Why This Matters for Dark Circles

Under-eye darkness is often described as a colour problem, but many patients are seeing shadow. A convex bag can cast a shadow below it. A hollow tear trough can make the lower lid look darker. A flat cheek, weak midface support, or deep-set eye can change how the same skin looks in different lighting.

If the darkness is structural shadowing, the treatment may need to improve contour rather than simply lighten skin. That may mean lower eyelid fat transposition, midface support, skin resurfacing, or a combination plan. If the darkness is pigment, vascular colour, or skin quality, surgery alone may not be the right answer.

Preservation-First Is Not Preservation-Only

A refined blepharoplasty plan is not a slogan. It changes from patient to patient. The same technique cannot be applied blindly to a hollow lower eyelid, a deep-set eye, a prominent eye, a heavy upper lid, a male eyelid with thick skin, or a revision case.
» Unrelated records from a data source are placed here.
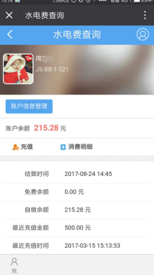 进入水电账户余额与账户信息的主页。主页信息区域默认显示当前卡余额与信息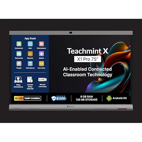 Teachmint X1-Pro 75 Inch Premium Interactive Flat Panel | Connected Classroom Tech | True 4K UHD | Android OS, 8GB RAM, 128GB ROM |13 MP 4K Camera, 8 Array Mic & 30W Speakers | 5 Year Warranty (75″)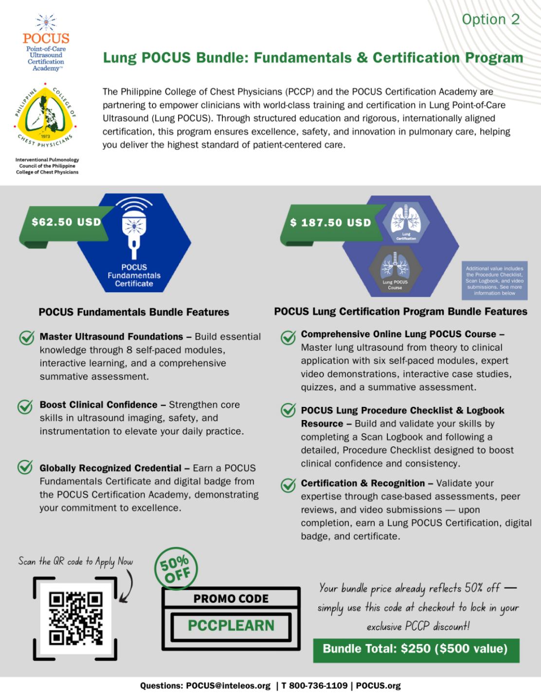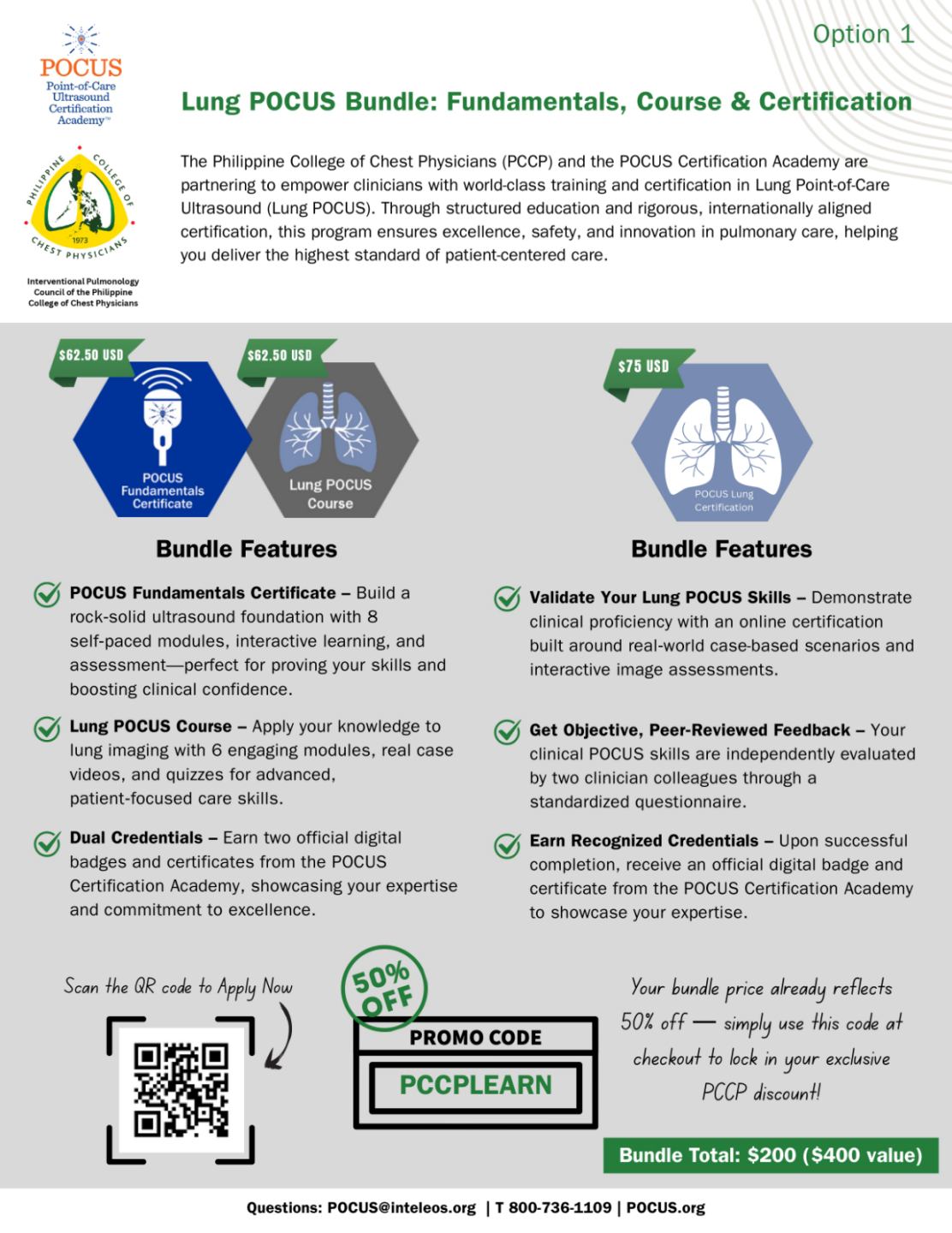 The Philippine College of Chest Physicians (PCCP) and the POCUS Certification Academy are partnering to empower clinicians with world-class training and certification in Lung Point-of-Care Ultrasound (Lung POCUS). Through structured education and rigorous, internationally aligned certification, this program ensures excellence, safety, and innovation in pulmonary care, helping you deliver the highest standard of patient-centered care.

Prominent fat with real excess

Selective reduction may be appropriate when the problem is true convex fullness and skin excess. Preservation-first does not mean preserving every millimetre of tissue.

Hollowing and dark-circle shadow

Fat transposition or support may be more important when the problem is a bag-to-hollow transition, tear trough shadow, or loss of lower lid-cheek continuity.

Deep-set eyes and upper heaviness

Some patients do not have a classic lower-lid hollow. Their issue is the relationship between the brow, infrabrow support, upper lid platform, and eye depth.

This is the difference between reduction-only thinking and anatomical planning. OFA-Bleph™ starts by asking which tissues are valuable, which tissues are out of position, and which tissues genuinely need to be reduced.

Movement Is the Final Test

A result should look natural in photographs, but it should also work when the patient talks, smiles, blinks, and looks from side to side. That is why EyeFACE result videos are becoming an important part of patient education: they show the result in motion, not only under one camera angle.

The goal is not a different face. It is a more rested, better supported eye area that still belongs to the patient.